It’s surprising, though perhaps it shouldn’t be, just how many people have exactly the same problems. A large percentage of calls I take relates to inability to set up wireless routers. These complicated, cantankerous devices, and the convoluted way in which they relate to people’s computers, cause a lot of trouble and misunderstandings, not to mention frustration. Small wonder that some companies can charge as much as $100 simply to have someone come out and set up a home network.
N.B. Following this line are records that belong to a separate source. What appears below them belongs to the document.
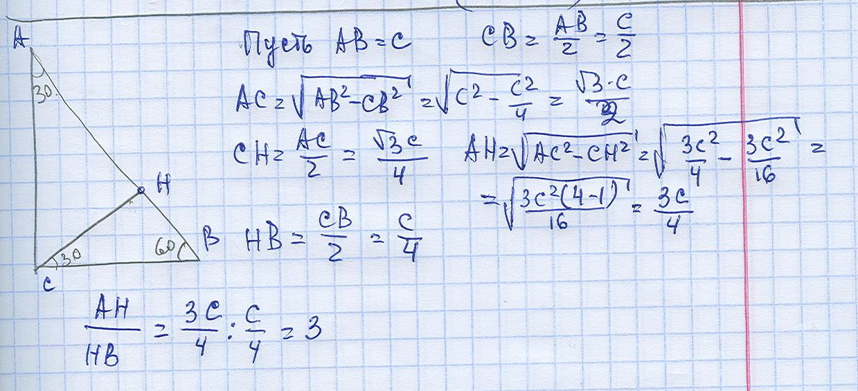 В прямоугольном треугольнике ABC с прямым углом C угол B равен 60 . Найдите отношение AH:HB, где CH — высота треугольника.
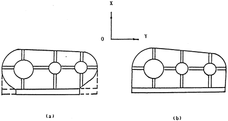 現(xiàn)在三環(huán)減速器箱體結(jié)構(gòu)一般參照通用減速器箱體結(jié)構(gòu)來(lái)設(shè)計(jì)的,如圖6-4(a)(b)和圖3-1示,這種結(jié)構(gòu)的y向剛度較小,為了增加y向剛度,應(yīng)設(shè)計(jì)成圖7-2(b)示形狀,顯然,圖7-2(b)的結(jié)構(gòu)剛度比圖7-2(a)結(jié)構(gòu)大。
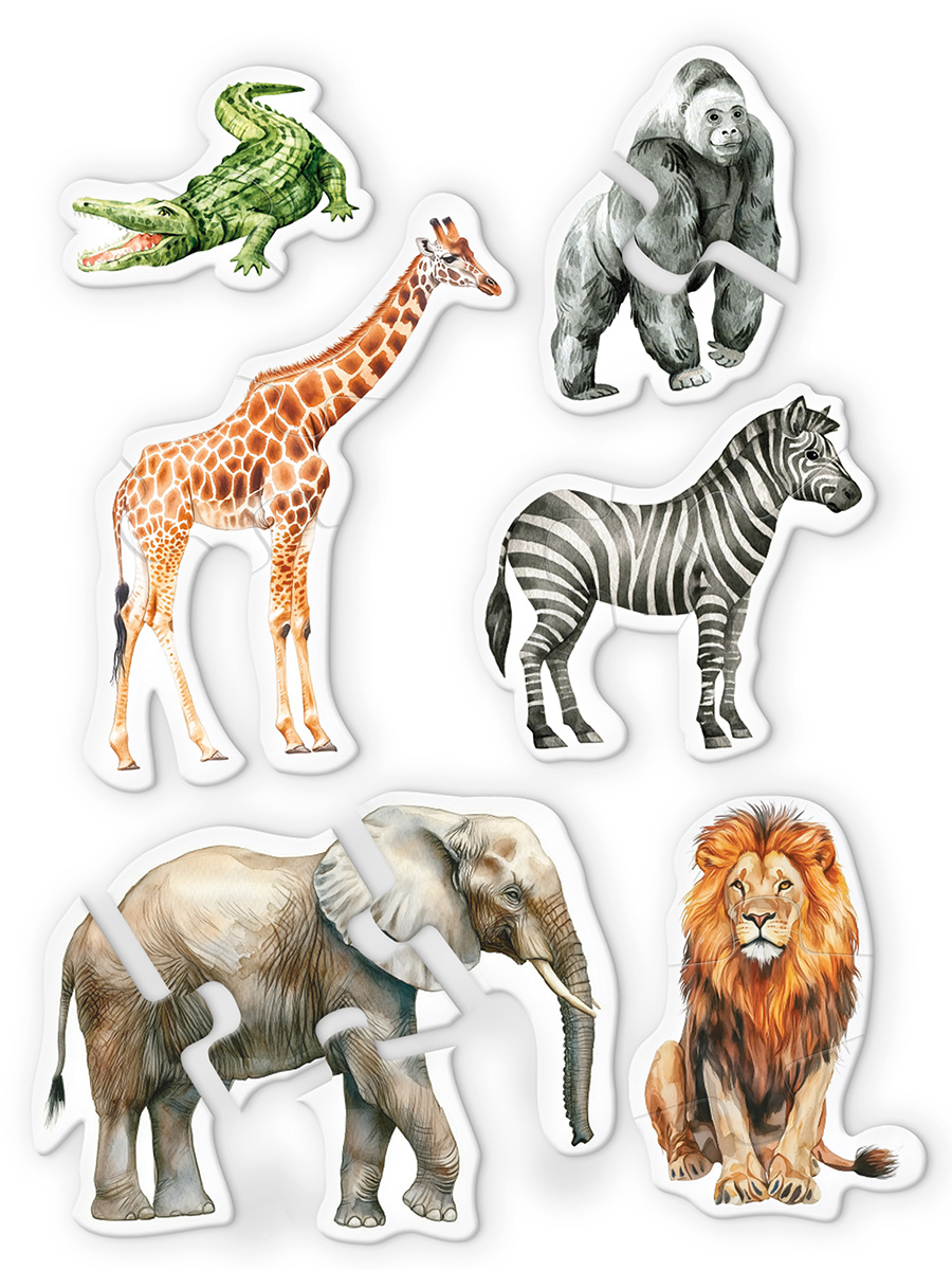 Набор содержит 6 фигурок, состоящих из 2–4 частей. Размеры собранных изображений: от 6 до 15 см.

There have been some times when even I’ve felt like it might be worth it to pay someone that much.

Another frequent stumper is the way Microsoft now bundles a trial version of Microsoft Office with every installation of Windows 7. Except it isn’t really a “trial” version so much as it is a “Schroedinger’s version”—when presented with a product key, it’s the real deal; if not, it’s a trial. It looks exactly the same either way when you start it up; the only difference is that some computers have a card with a serial number bundled with them.

Since it doesn’t look like a trial when you first run it (it says it wants a product key and there’s a little tiny button in the corner saying “Trial”) and the only place it says it is a trial, before purchase, is in the very fine print on the item’s description (and who reads that), it’s only natural for anyone who buys a new computer and sees the Microsoft Office icon on their desktop to assume their computer just “came with it”.
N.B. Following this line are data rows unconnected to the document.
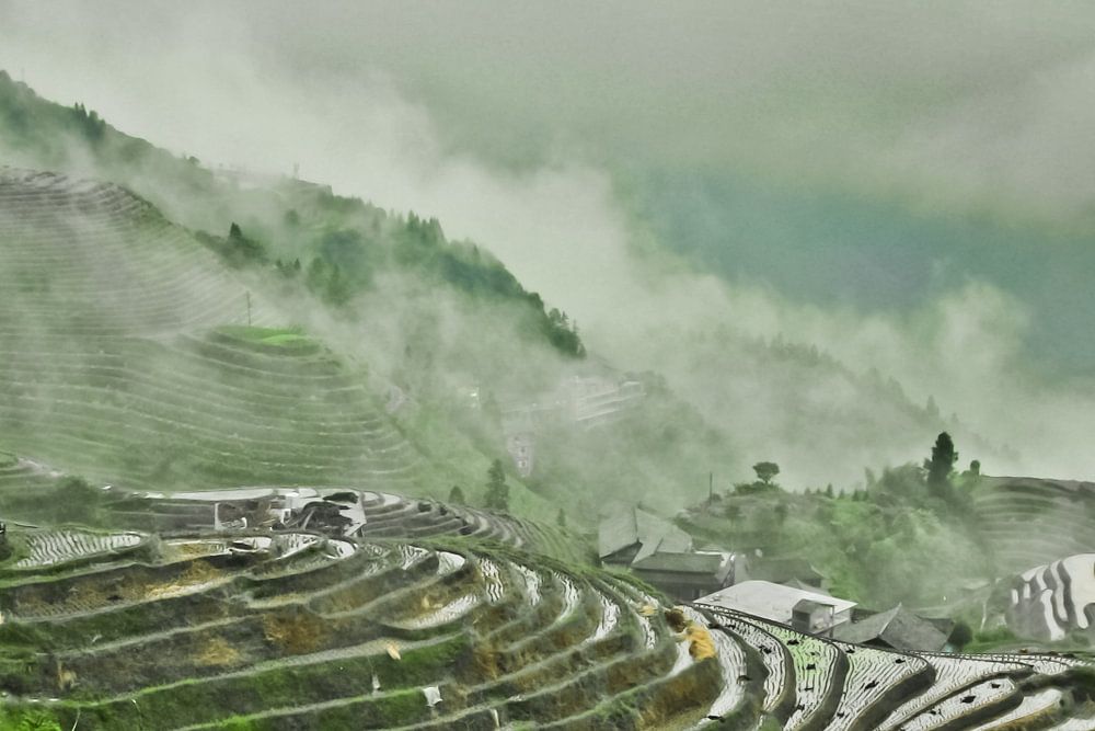 house on the hill is a hill of clouds and fog. Misty autumn landscape with rice terraces. China, Yangshuo, Longsheng
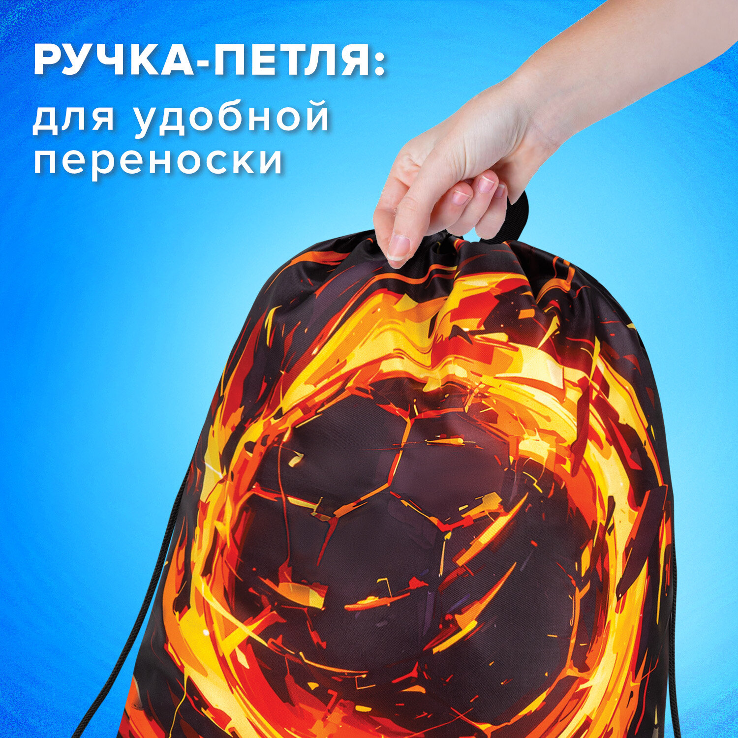 Мешок для обуви BRAUBERG KIDS, с петлей, 42х34 см, "Fire split", 273436
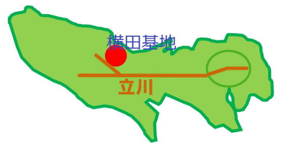 横田基地は東京多摩西部の福生市に位置し
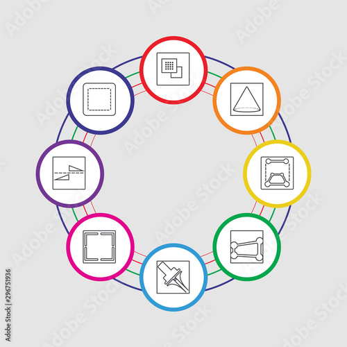 8 colorful stroke icons set included square, flip, crop, pen, perspective, transform, cone, ungroup
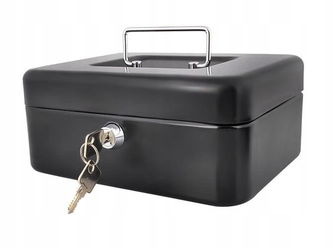 Кассета изготовлена из металла. У него удобная ручка, благодаря которой мы можем его носить. Замок с 2 ключами в комплекте, подходящими только к одному ящику, гарантирует, что его не откроют нежелательные люди.
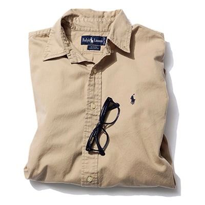 「白Tに白のハーフパンツを合わせて、ばさっとこのシャツを重ねたい。白だけでなく、コクのあるベージュだから、柄をはじめキレイな色とも合わせやすい。ラルフのメンズのルックに出てきそうなスタイリングがイメージです。シャツのパッチと色リンクしたネイビーの眼鏡で知的に装うのもあり」(樋口さん)
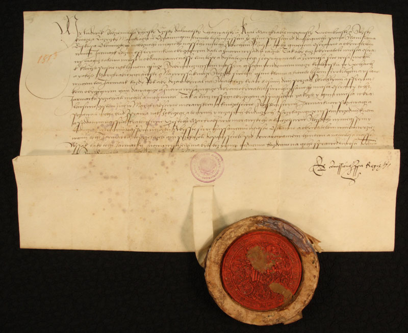 Na snímku: Listina Ludvíka Jagellonského udělující městu Ostravě právo na konání třetího výročního trhu

There have been remarkably few examples of the proverbial “cup holder” school of stupid computer user—certainly a lot fewer than the humor sites would lead you to expect. These people are not idiots, by any stretch of the imagination—they’re just normal people, confused by a technology industry that seems to take perverse pleasure in being as obfuscatory as possible. One person who called me about the Microsoft Office conundrum works in launch tracking at Cape Canaveral, and has probably forgotten more about electronics than I’ll ever know! But unfamiliar technology frustrates everyone equally—even people with engineering degrees from MIT.
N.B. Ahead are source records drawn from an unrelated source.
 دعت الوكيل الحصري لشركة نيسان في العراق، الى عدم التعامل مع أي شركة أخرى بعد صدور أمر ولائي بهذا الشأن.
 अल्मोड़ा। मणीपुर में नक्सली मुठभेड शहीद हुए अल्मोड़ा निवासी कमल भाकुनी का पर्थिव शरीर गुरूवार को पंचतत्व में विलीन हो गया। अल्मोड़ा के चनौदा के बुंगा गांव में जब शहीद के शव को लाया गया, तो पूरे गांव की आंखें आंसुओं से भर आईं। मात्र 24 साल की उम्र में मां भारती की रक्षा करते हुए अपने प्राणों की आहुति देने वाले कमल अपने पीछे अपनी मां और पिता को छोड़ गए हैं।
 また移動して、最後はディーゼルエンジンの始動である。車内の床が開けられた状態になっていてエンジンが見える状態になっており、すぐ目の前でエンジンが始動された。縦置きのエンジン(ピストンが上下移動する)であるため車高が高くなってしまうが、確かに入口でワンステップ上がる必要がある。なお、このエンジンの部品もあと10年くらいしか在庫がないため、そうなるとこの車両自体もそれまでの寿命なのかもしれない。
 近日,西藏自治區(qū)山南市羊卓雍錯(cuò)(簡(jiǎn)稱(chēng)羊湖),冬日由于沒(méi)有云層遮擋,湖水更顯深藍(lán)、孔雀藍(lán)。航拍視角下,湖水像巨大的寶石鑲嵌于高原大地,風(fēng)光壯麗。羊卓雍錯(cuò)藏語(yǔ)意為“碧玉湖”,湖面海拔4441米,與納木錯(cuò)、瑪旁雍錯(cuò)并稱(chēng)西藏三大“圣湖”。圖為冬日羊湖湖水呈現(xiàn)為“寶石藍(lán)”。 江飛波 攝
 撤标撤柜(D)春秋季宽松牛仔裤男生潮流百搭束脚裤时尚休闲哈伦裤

The aggravating thing to me is that at least some of these cases stem from venality or sheer apathy on the part of technology companies. Why do they even do it? Do they think it’s somehow going to make people more willing to buy their product?

How hard would it be for Microsoft to change the launch screen to say “This is a trial version, unless there was a piece of paper with a registration key on it bundled with this computer” rather than just blandly ask for the key people will assume they were supposed to get? What chance does the average not-so-tech-savvy person have against that kind of obfuscation?

It reminds me of the time I misguidedly talked my parents into buying a refurbished iPod Shuffle, thinking Dad could use it to listen to the audiobooks I’d given him. Apple made incredibly simple devices, didn’t they? It should be easy to show him how to use it. Only…he never could figure out how to work it, and eventually lost it. $100 down the drain.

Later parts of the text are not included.